OBJECTIVES: This study assessed the associations between short and long sleep duration and prevalence of cardiometabolic outcomes in American Indians and Alaska Natives (AI/ANs) and compared these associations to those evident among other race/ethnicities. METHODS: We analyzed data from the 2013-2014 Behavioral Risk Factor Surveillance System. In total, 14,536 AI/ANs, 729,962 non-Hispanic whites, 71,765 blacks, and 59,472 Hispanics were included. Logistic regressions were conducted to compute unadjusted and adjusted odds ratios (OR) for the associations of interest. RESULTS: Among AI/ANs, 38.6% reported sleeping <7 hours per night (short sleepers) while 39.3% reported 8+ hours of sleep (long sleepers). After adjusting for age and gender, both short and long sleep durations were associated with higher odds of reporting diabetes, stroke, coronary heart disease and heart attack in almost all race/ethnic groups. After multiple adjustments, the sleep-diabetes association was more pronounced (OR = 1.71 and OR = 1.56 for short and long sleepers, respectively) among AI/ANs than other race/ethnicities. CONCLUSIONS: Future studies are warranted to examine race/ethnic variability in the association between sleep duration and cardiometabolic outcomes.

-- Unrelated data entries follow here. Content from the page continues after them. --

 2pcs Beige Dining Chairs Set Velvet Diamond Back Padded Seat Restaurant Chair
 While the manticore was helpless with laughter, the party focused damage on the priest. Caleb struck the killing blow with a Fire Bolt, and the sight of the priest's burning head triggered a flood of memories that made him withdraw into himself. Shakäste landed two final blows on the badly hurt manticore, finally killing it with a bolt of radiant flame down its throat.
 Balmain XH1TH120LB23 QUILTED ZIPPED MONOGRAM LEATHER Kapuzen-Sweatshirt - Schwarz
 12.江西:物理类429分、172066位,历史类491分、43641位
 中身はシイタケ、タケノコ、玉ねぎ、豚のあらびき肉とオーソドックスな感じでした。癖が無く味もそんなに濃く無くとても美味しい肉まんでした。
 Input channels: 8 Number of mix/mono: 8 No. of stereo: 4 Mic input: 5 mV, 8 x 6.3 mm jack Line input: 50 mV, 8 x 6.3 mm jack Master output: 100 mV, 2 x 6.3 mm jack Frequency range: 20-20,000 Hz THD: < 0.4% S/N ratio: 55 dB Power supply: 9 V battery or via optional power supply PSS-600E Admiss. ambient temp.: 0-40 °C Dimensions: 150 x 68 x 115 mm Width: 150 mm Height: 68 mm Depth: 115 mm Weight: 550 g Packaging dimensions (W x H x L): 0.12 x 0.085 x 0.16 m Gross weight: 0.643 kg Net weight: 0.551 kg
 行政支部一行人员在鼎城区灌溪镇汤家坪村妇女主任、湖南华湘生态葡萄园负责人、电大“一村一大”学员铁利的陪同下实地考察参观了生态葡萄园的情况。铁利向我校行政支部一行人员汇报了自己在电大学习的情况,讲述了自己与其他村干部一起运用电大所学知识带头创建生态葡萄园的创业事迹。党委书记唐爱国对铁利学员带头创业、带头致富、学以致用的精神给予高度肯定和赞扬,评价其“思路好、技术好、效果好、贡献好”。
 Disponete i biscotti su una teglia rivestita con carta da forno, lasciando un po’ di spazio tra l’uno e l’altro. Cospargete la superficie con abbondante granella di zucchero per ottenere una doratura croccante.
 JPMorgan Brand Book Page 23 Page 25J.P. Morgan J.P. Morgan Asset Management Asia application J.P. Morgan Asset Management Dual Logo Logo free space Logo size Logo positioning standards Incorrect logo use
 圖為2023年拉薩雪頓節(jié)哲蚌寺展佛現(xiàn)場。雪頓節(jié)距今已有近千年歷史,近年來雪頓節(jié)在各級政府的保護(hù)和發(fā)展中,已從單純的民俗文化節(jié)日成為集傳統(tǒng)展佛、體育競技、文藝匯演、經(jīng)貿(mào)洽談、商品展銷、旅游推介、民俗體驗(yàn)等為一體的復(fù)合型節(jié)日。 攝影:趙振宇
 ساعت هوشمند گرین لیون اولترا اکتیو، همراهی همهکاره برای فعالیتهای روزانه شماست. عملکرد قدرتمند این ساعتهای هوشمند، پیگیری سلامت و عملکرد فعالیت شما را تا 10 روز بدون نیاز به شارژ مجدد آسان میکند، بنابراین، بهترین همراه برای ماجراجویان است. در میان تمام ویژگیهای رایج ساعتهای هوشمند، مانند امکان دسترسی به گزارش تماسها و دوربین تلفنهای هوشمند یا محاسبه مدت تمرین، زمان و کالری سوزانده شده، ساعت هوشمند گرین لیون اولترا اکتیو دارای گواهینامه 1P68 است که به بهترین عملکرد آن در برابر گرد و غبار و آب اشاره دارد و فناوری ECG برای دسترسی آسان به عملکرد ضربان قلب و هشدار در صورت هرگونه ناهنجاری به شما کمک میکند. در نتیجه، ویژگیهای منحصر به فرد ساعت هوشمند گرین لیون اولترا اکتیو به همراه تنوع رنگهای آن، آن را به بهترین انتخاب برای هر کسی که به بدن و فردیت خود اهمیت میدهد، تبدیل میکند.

Sleep Duration and Diabetes Risk in American Indian and Alaska Native Participants of a Lifestyle Intervention Project.

STUDY OBJECTIVES: We examine the association between self-reported sleep duration and diabetes incidence in a national sample of American Indians/ Alaska Natives (AI/ANs) with prediabetes. METHODS: Data were derived from the Special Diabetes Program for Indians Diabetes Prevention demonstration project. This longitudinal analysis included 1,899 participants with prediabetes recruited between January 1, 2006 and July 31, 2009 who reported sleep duration and completed all 16 classes of the lifestyle intervention consisting of diet, exercise, and behavior modification sessions to promote weight loss. Three years of follow-up data were included to fit Cox regression models to compute hazard ratios (HRs) for diabetes incidence across sleep duration categories. RESULTS: The crude diabetes incidence rate was 4.6 per 100 person-years among short sleepers (≤ 6 h per night) compared to 3.2 among those sleeping 7 h and 3.3 among those sleeping 8 h or more. After adjustment for age and sex, short sleep (≤ 6 h vs. others) was associated with increased diabetes risk (HR 1.55 [95% confidence interval 1.11-2.17]); risk remained significantly elevated after controlling for socioeconomic characteristics, health behaviors, and health status. When adjusting for body mass index and percent weight loss, the short sleep-diabetes relationship was attenuated (HR 1.32 [95% confidence interval 0.92-1.89]). No significant long sleep-diabetes association was found. Further, short sleepers lost significantly less weight than others (3.7% vs. 4.3%, P = 0.003). CONCLUSIONS: Short sleep duration, but not long duration, was significantly associated with increased diabetes risk and less weight loss among AI/ANs in a lifestyle intervention. Further exploration of the complex factors underlying short sleep duration is warranted.